Johns Hopkins University will resume normal operations on Wednesday after being shut down for two days due to Hurricane Sandy.
The storm system made landfall Monday night in southern New Jersey and brought heavy rain and strong wind gusts to the Baltimore metropolitan area throughout the day and night. The university was closed Tuesday as the remnants of the storm lingered in the region and across much of the Northeast, but rain had tapered off and winds had died down considerably by Tuesday morning. There were reports of minor leaking and flooding on the Homewood campus, and at least one downed tree, but no injuries and no power loss, according to a university official.

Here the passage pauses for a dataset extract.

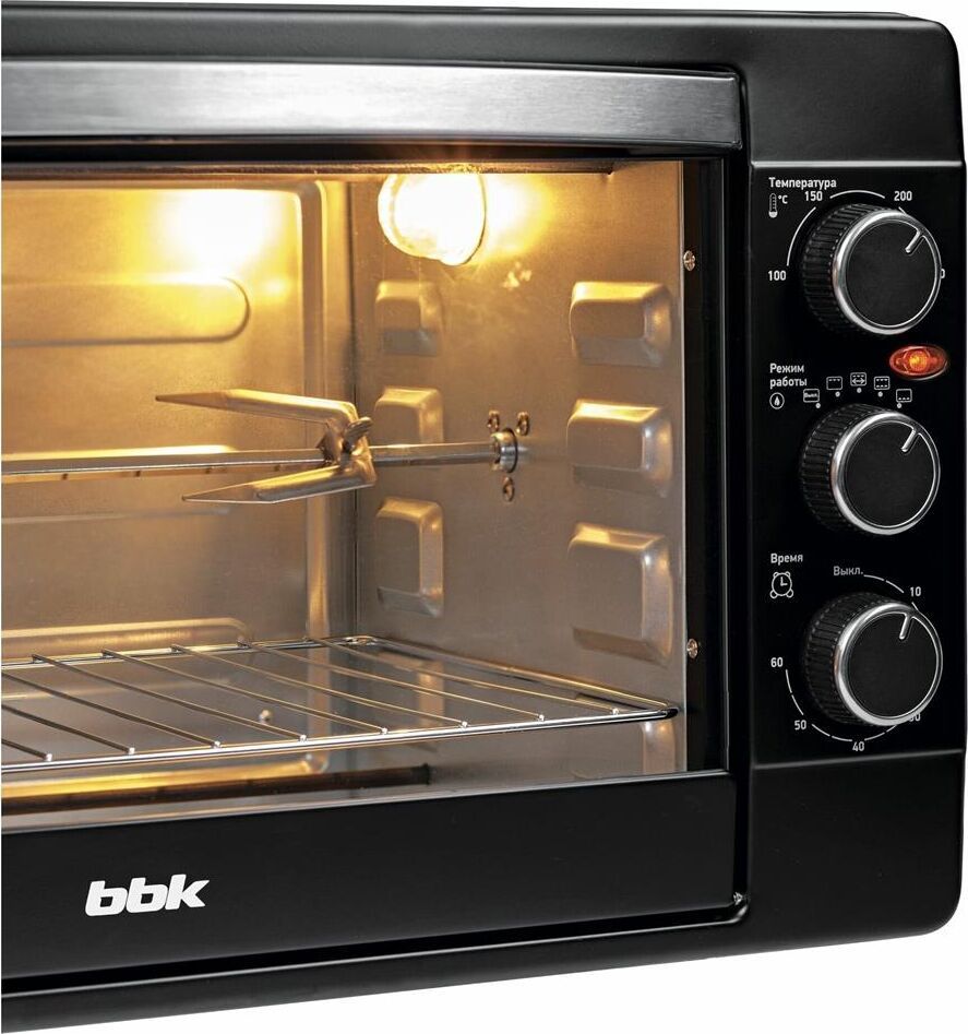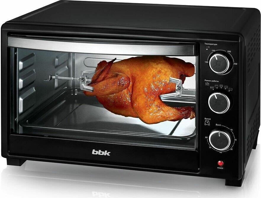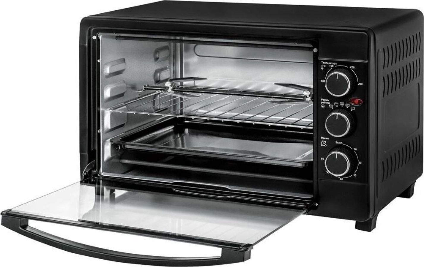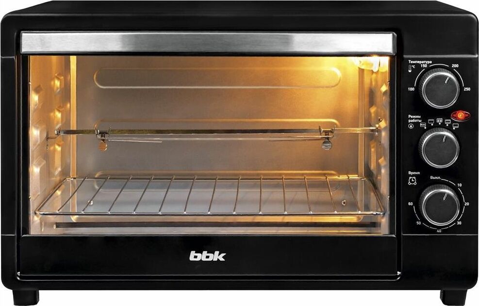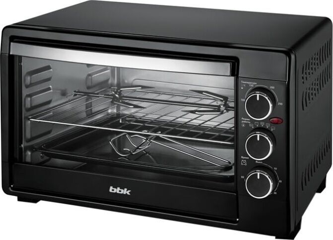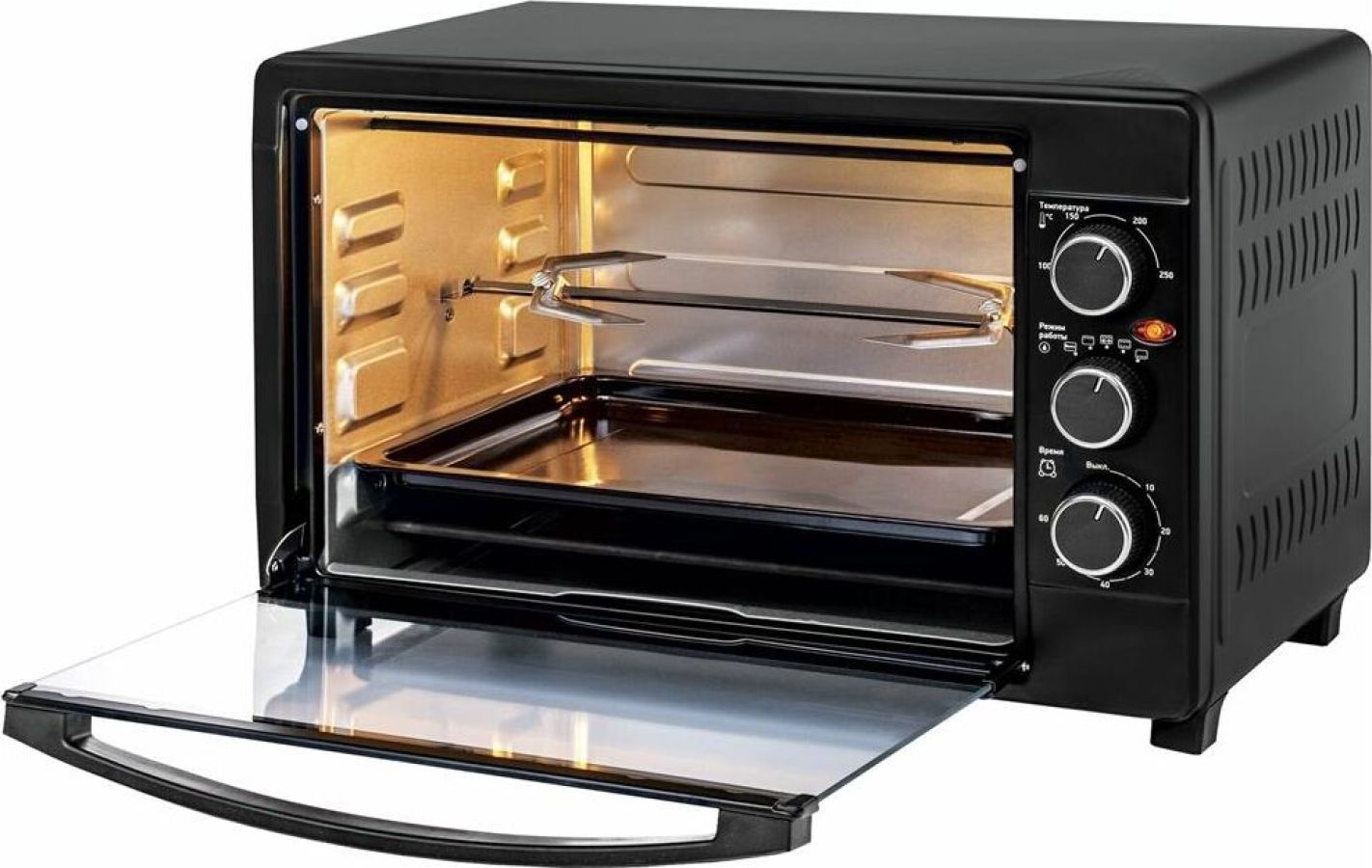 Объем 30 л. Количество режимов работы 4. Регулировка температуры духовки 100 - 250 °С. Тип управления механическое. Потребляемая мощность 1500 Вт.Световой индикатор . Таймер . Гриль . Съемная решетка в комплекте . Противень в комплекте . Вертел . Ручка для снятия вертела . Дополнительно в комплекте: Противень, решетка и ручка для противня, поддон для крошек, вертел, ручка для вертела.
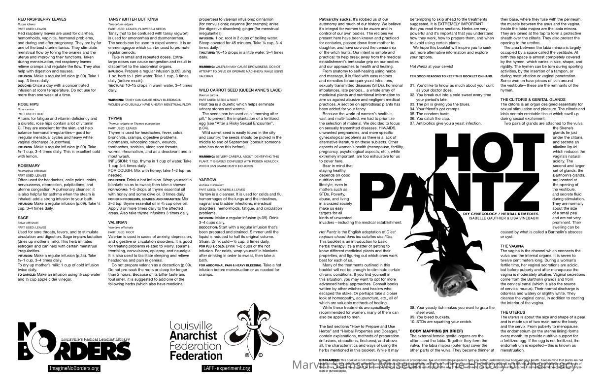 A thorough and classic examination on tried and true herbal treatments for common gynecological problems, as well as great basic sexual health info...The sections include: Body Mapping (in brief), About Menstruation, Love in the Age of Aids, 35 years of fertility, STDs and Other Aliens, The Ovaries and the Uterus, Aphrodisiacs, How to Prepare and Use Herbs, Picking Your Own Herbs, Herbal Properties and Dosages.

"The storm has passed and the university appears, with a few exceptions, to have weathered it well," Daniel G. Ennis, senior vice president for finance and administration, and Jonathan A. Bagger, interim provost and senior vice president for academic affairs, said in an email message to faculty, staff, and students on Tuesday afternoon. "That is due, in no small part, to the tireless efforts of hundreds of our colleagues. Roofers clearing gutters and drains in high winds. Custodians and grounds crew members responding to leaks and floods. Dining services employees keeping their kitchens and serving lines going. Security officers. Housing and Residential Life employees and RAs. Faculty and staff involved in patient care. Electricians and plumbers. Shuttle drivers. Parking employees. IT staffers. And so many, many more."
"On behalf of President Daniels," the message continued, "we want to thank everyone who spent so much time and devoted so much energy to ensuring that Hurricane Sandy's impact on Johns Hopkins was as minimal as we could make it. It was an outstanding effort."
University shuttles will resume operations Wednesday on a normal schedule. Any exceptions to normal operations will be announced by individual divisions.